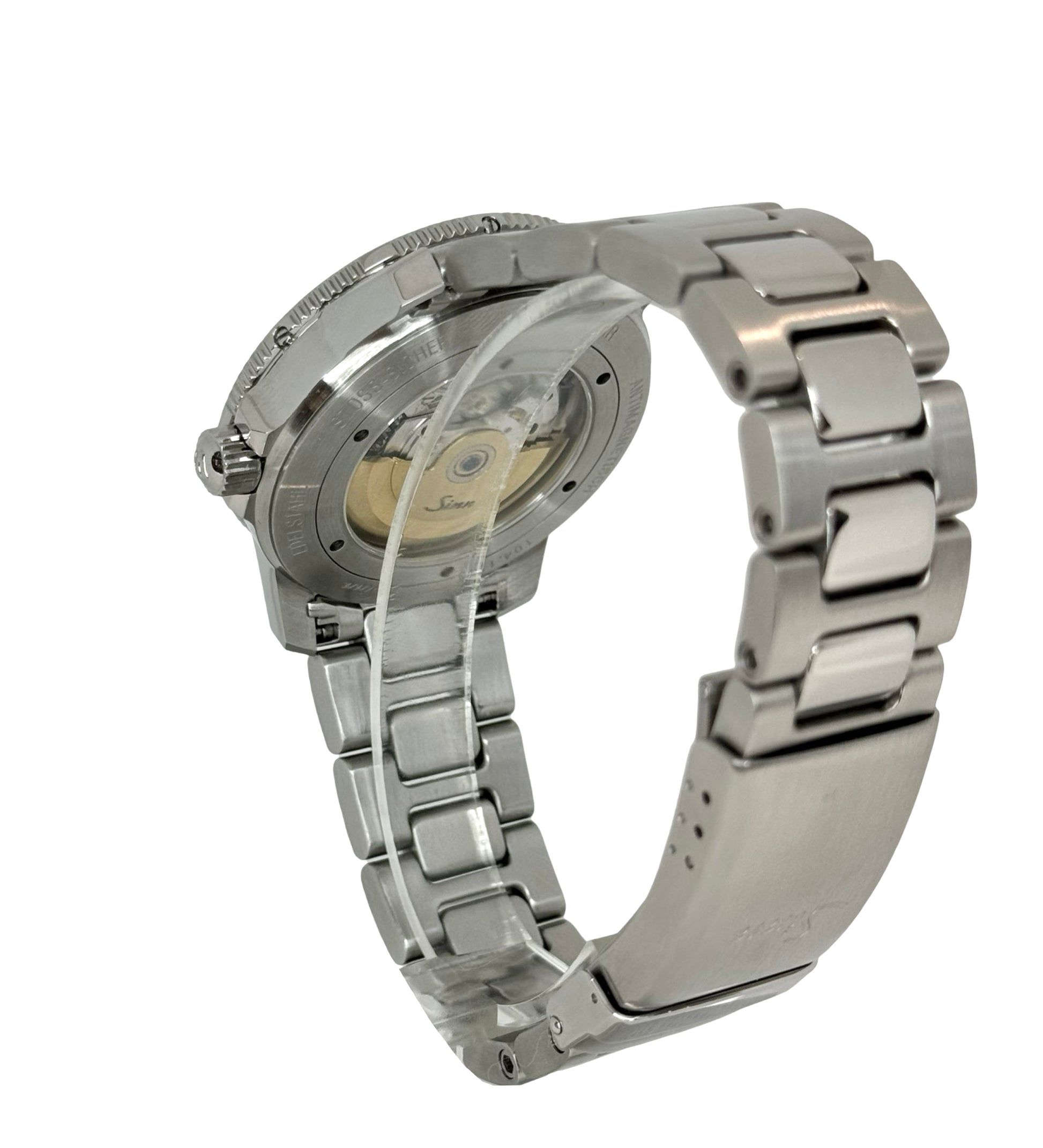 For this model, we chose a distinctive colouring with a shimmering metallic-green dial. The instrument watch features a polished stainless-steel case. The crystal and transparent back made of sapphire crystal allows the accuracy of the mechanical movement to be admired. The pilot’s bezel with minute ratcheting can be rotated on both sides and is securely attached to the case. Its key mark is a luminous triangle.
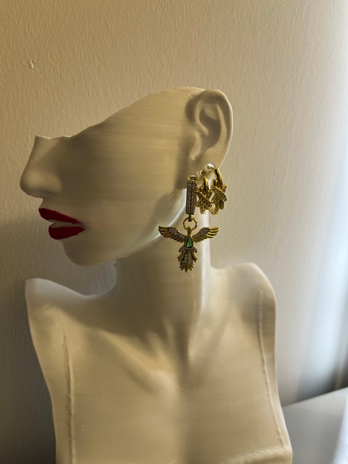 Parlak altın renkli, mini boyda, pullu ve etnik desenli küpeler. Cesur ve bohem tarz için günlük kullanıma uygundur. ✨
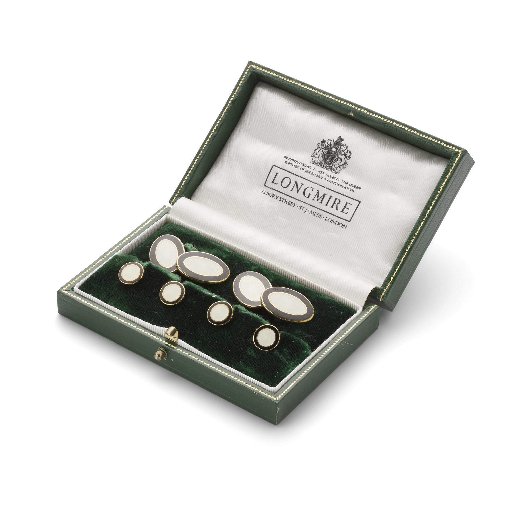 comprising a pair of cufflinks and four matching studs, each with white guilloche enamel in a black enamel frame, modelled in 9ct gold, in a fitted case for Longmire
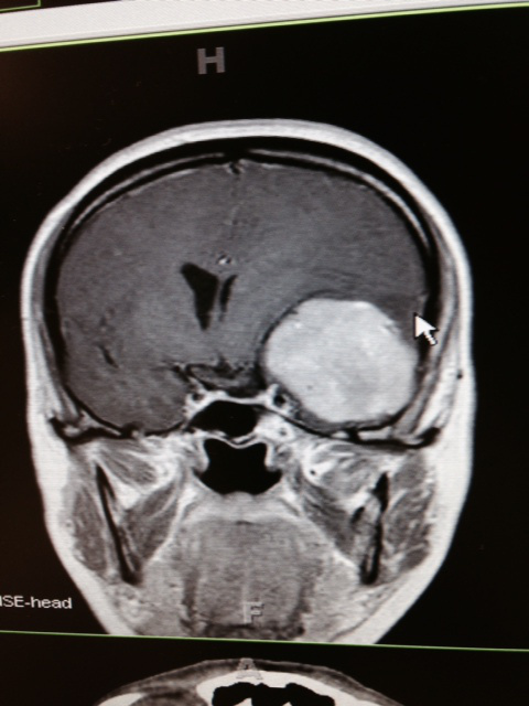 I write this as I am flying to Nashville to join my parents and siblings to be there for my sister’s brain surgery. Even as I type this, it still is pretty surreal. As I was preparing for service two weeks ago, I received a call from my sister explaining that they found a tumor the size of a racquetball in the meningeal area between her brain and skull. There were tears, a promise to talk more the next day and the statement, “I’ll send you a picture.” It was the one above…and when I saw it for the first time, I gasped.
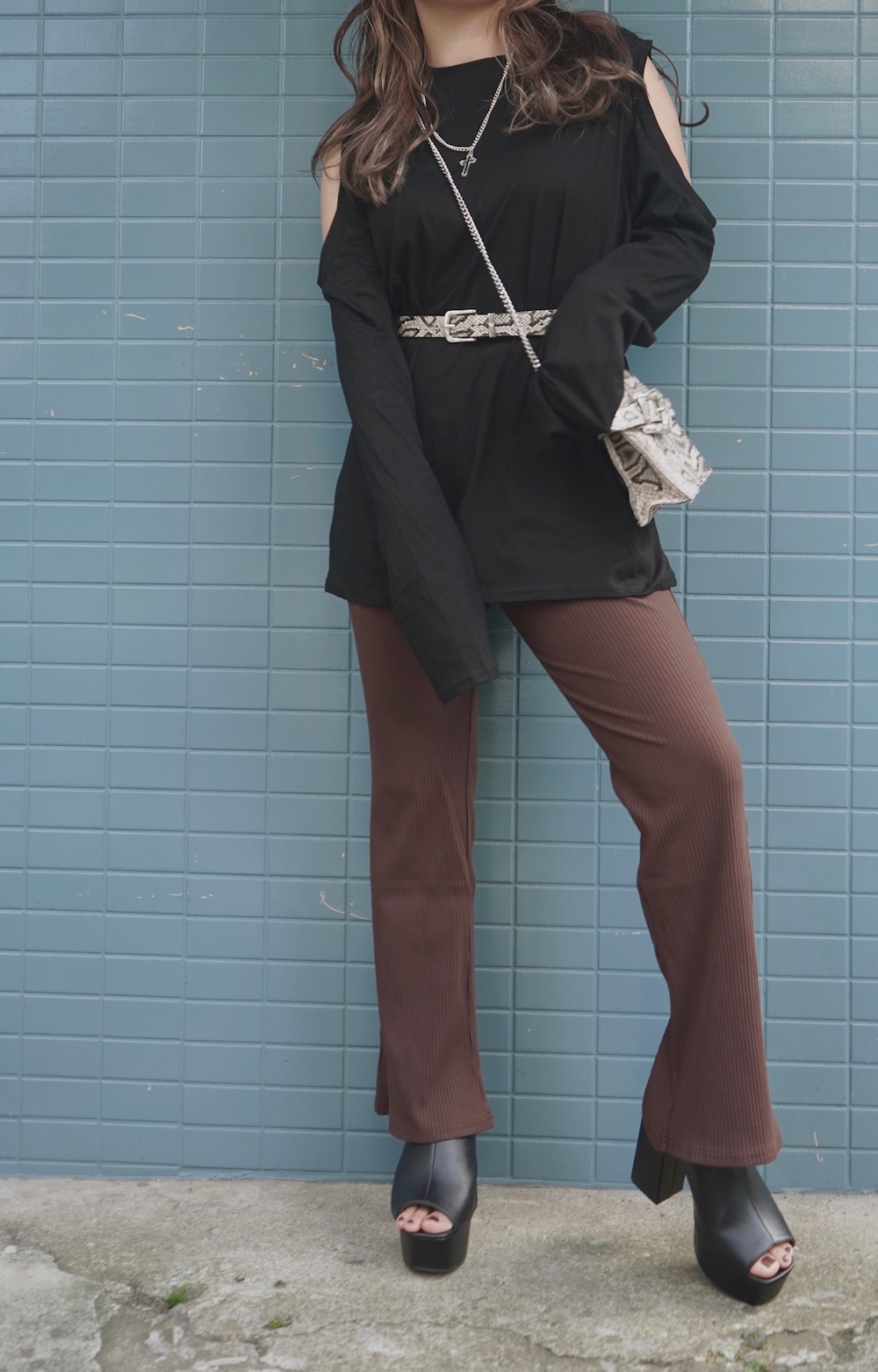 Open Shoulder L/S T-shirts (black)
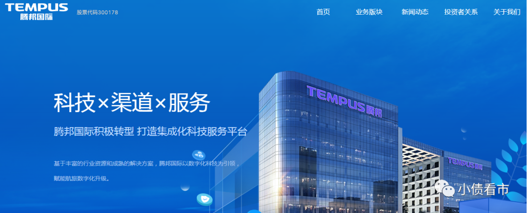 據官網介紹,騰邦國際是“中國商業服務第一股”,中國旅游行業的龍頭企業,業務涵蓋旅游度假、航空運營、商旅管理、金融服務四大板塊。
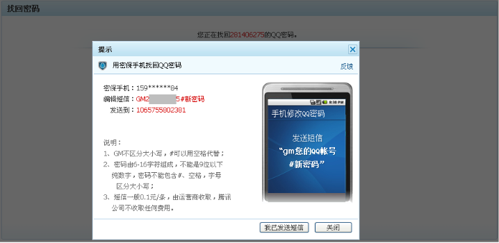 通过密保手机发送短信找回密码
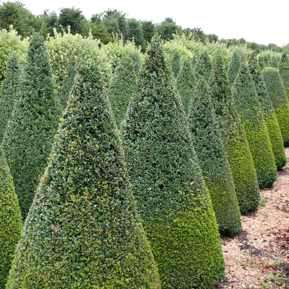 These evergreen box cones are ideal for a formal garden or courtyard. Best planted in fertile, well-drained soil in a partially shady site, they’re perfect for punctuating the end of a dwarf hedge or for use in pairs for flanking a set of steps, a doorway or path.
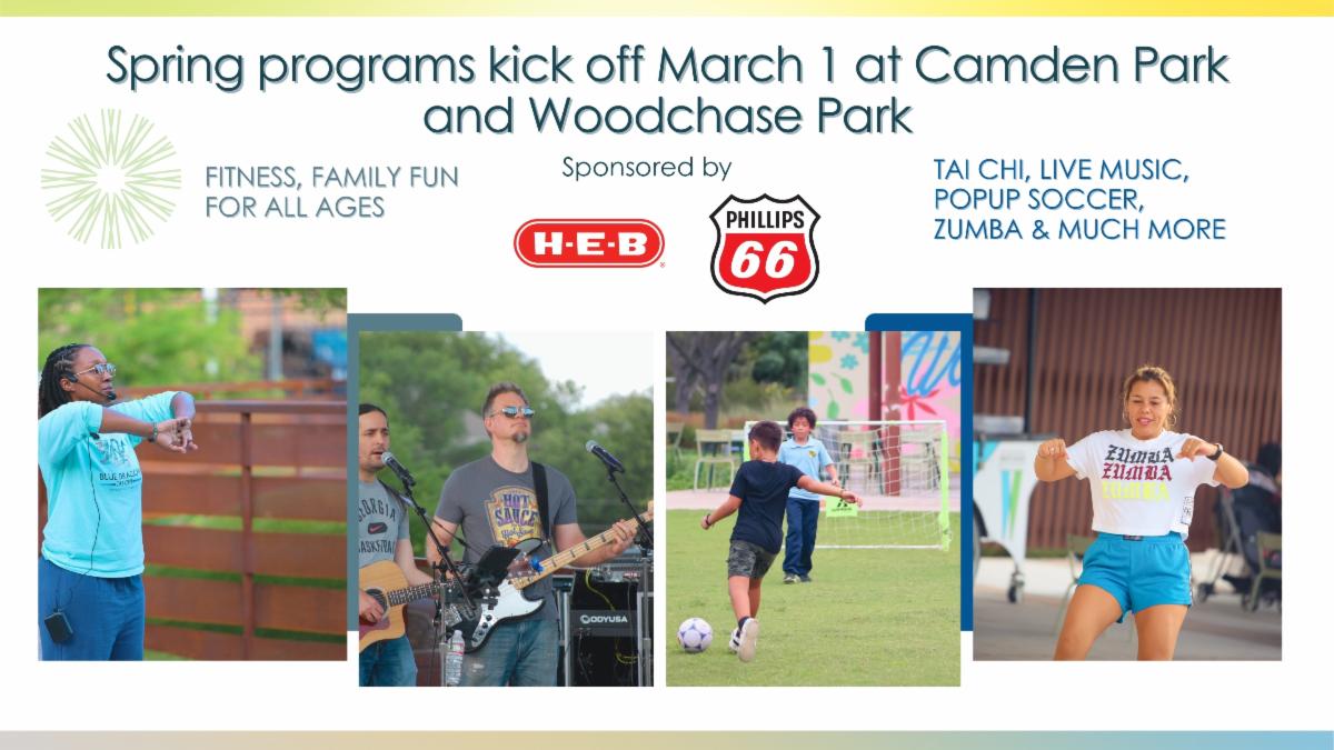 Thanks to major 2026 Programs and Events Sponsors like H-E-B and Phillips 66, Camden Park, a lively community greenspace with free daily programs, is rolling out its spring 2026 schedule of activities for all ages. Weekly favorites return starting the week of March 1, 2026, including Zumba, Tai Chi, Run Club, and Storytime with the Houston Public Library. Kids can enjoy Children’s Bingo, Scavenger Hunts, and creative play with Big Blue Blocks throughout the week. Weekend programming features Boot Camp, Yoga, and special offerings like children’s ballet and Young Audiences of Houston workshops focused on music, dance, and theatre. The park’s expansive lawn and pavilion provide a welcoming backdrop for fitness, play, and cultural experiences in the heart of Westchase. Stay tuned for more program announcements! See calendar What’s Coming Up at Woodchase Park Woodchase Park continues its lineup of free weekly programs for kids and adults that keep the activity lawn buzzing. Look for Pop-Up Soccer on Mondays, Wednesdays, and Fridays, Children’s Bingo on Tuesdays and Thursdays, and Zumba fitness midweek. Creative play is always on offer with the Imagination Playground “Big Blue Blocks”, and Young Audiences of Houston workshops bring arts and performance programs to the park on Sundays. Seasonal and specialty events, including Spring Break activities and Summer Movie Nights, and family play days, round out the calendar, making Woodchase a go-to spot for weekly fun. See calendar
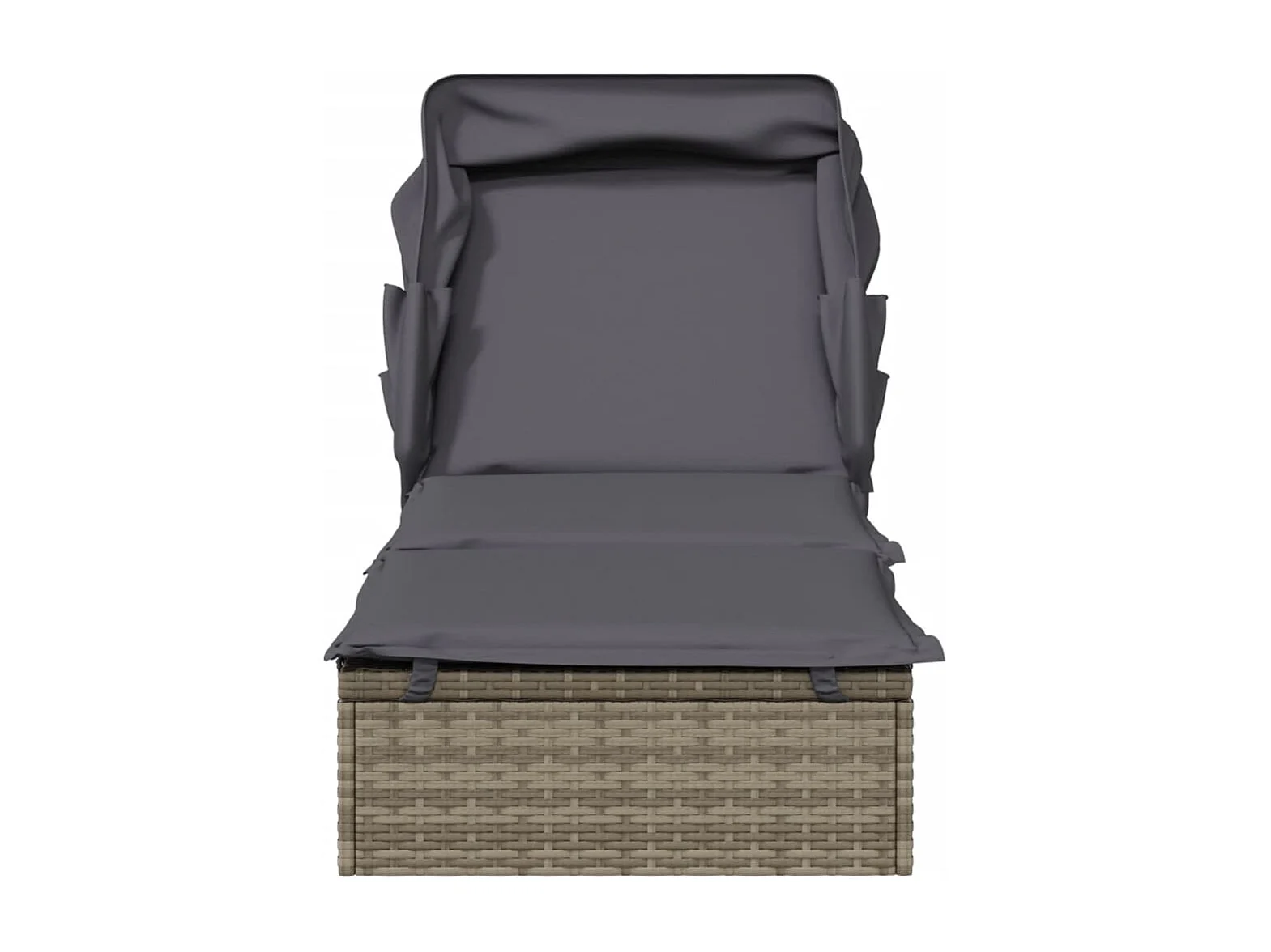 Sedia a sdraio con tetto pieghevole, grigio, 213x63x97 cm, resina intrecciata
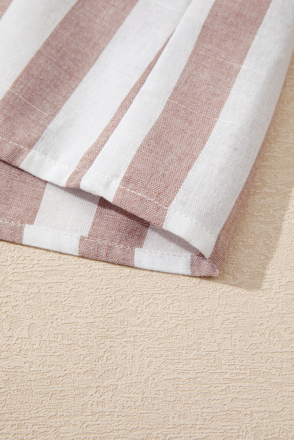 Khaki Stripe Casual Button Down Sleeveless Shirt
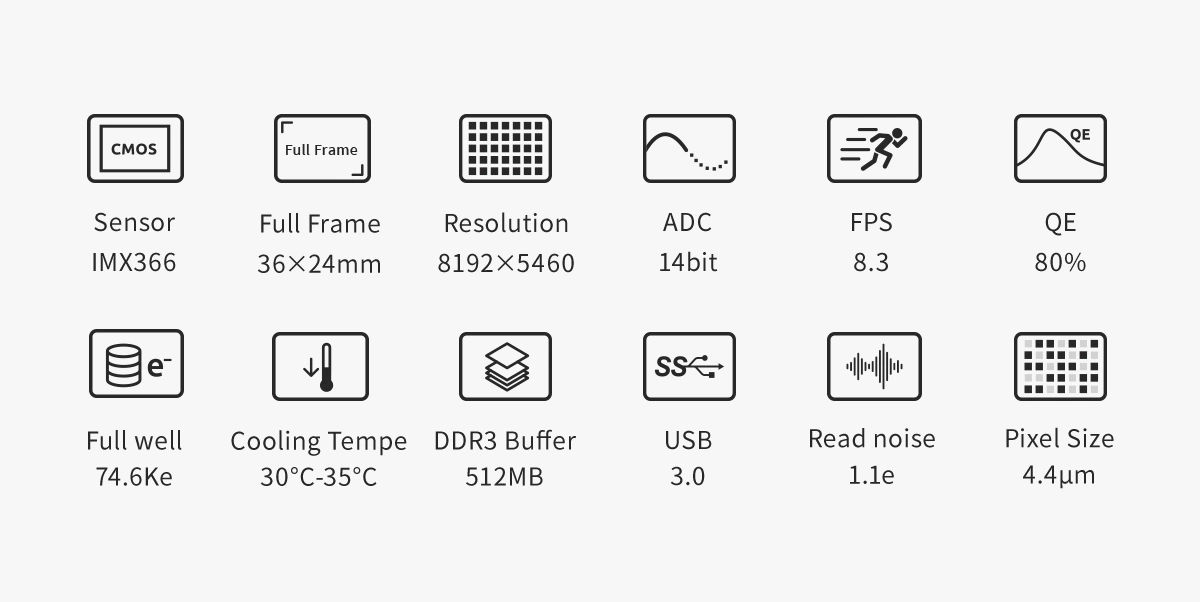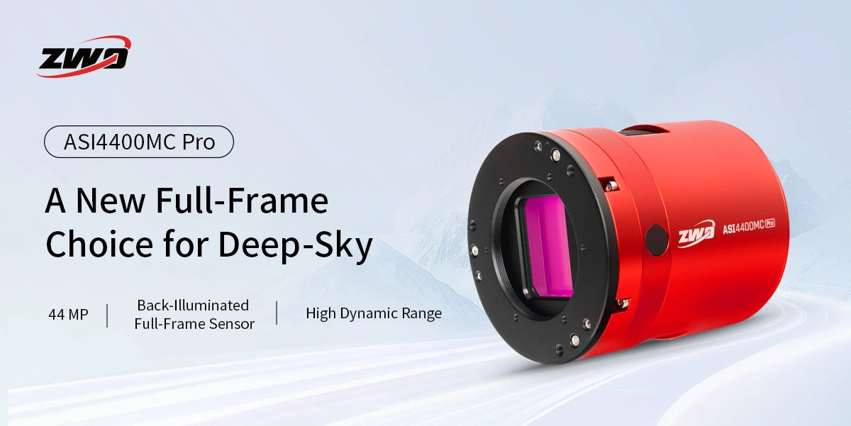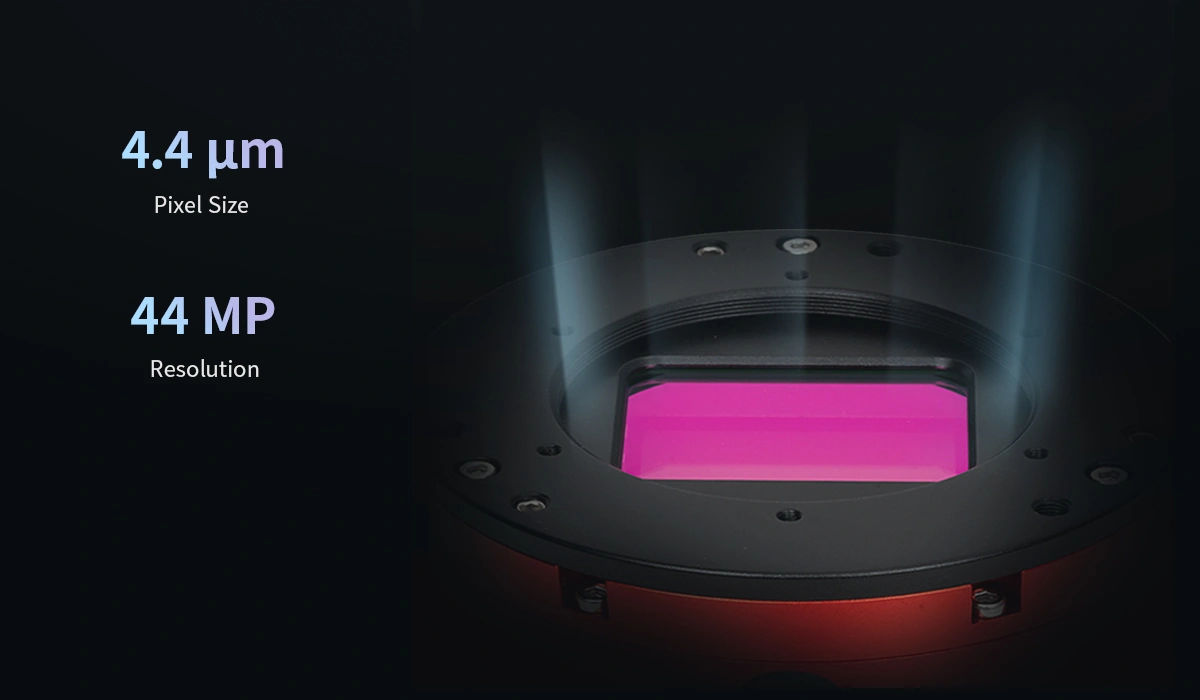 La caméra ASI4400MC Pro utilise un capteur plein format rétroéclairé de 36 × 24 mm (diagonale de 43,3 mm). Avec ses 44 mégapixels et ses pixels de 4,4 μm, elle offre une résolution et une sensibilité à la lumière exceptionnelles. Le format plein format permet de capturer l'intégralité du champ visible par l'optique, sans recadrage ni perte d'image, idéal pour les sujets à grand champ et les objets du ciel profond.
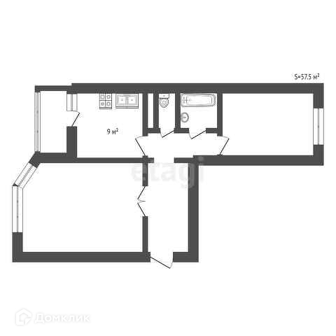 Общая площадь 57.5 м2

- EXERCISE DIRECTIONS
Starting with the first entry and ending with the last, reproduce the listing exactly, without its pictures.

- RESULT
 For this model, we chose a distinctive colouring with a shimmering metallic-green dial. The instrument watch features a polished stainless-steel case. The crystal and transparent back made of sapphire crystal allows the accuracy of the mechanical movement to be admired. The pilot’s bezel with minute ratcheting can be rotated on both sides and is securely attached to the case. Its key mark is a luminous triangle.
 Parlak altın renkli, mini boyda, pullu ve etnik desenli küpeler. Cesur ve bohem tarz için günlük kullanıma uygundur. ✨
 comprising a pair of cufflinks and four matching studs, each with white guilloche enamel in a black enamel frame, modelled in 9ct gold, in a fitted case for Longmire
 I write this as I am flying to Nashville to join my parents and siblings to be there for my sister’s brain surgery. Even as I type this, it still is pretty surreal. As I was preparing for service two weeks ago, I received a call from my sister explaining that they found a tumor the size of a racquetball in the meningeal area between her brain and skull. There were tears, a promise to talk more the next day and the statement, “I’ll send you a picture.” It was the one above…and when I saw it for the first time, I gasped.
 Open Shoulder L/S T-shirts (black)
 據官網介紹,騰邦國際是“中國商業服務第一股”,中國旅游行業的龍頭企業,業務涵蓋旅游度假、航空運營、商旅管理、金融服務四大板塊。
 通过密保手机发送短信找回密码
 These evergreen box cones are ideal for a formal garden or courtyard. Best planted in fertile, well-drained soil in a partially shady site, they’re perfect for punctuating the end of a dwarf hedge or for use in pairs for flanking a set of steps, a doorway or path.
 Thanks to major 2026 Programs and Events Sponsors like H-E-B and Phillips 66, Camden Park, a lively community greenspace with free daily programs, is rolling out its spring 2026 schedule of activities for all ages. Weekly favorites return starting the week of March 1, 2026, including Zumba, Tai Chi, Run Club, and Storytime with the Houston Public Library. Kids can enjoy Children’s Bingo, Scavenger Hunts, and creative play with Big Blue Blocks throughout the week. Weekend programming features Boot Camp, Yoga, and special offerings like children’s ballet and Young Audiences of Houston workshops focused on music, dance, and theatre. The park’s expansive lawn and pavilion provide a welcoming backdrop for fitness, play, and cultural experiences in the heart of Westchase. Stay tuned for more program announcements! See calendar What’s Coming Up at Woodchase Park Woodchase Park continues its lineup of free weekly programs for kids and adults that keep the activity lawn buzzing. Look for Pop-Up Soccer on Mondays, Wednesdays, and Fridays, Children’s Bingo on Tuesdays and Thursdays, and Zumba fitness midweek. Creative play is always on offer with the Imagination Playground “Big Blue Blocks”, and Young Audiences of Houston workshops bring arts and performance programs to the park on Sundays. Seasonal and specialty events, including Spring Break activities and Summer Movie Nights, and family play days, round out the calendar, making Woodchase a go-to spot for weekly fun. See calendar
 Sedia a sdraio con tetto pieghevole, grigio, 213x63x97 cm, resina intrecciata
 Khaki Stripe Casual Button Down Sleeveless Shirt
 La caméra ASI4400MC Pro utilise un capteur plein format rétroéclairé de 36 × 24 mm (diagonale de 43,3 mm). Avec ses 44 mégapixels et ses pixels de 4,4 μm, elle offre une résolution et une sensibilité à la lumière exceptionnelles. Le format plein format permet de capturer l'intégralité du champ visible par l'optique, sans recadrage ni perte d'image, idéal pour les sujets à grand champ et les objets du ciel profond.
 Общая площадь 57.5 м2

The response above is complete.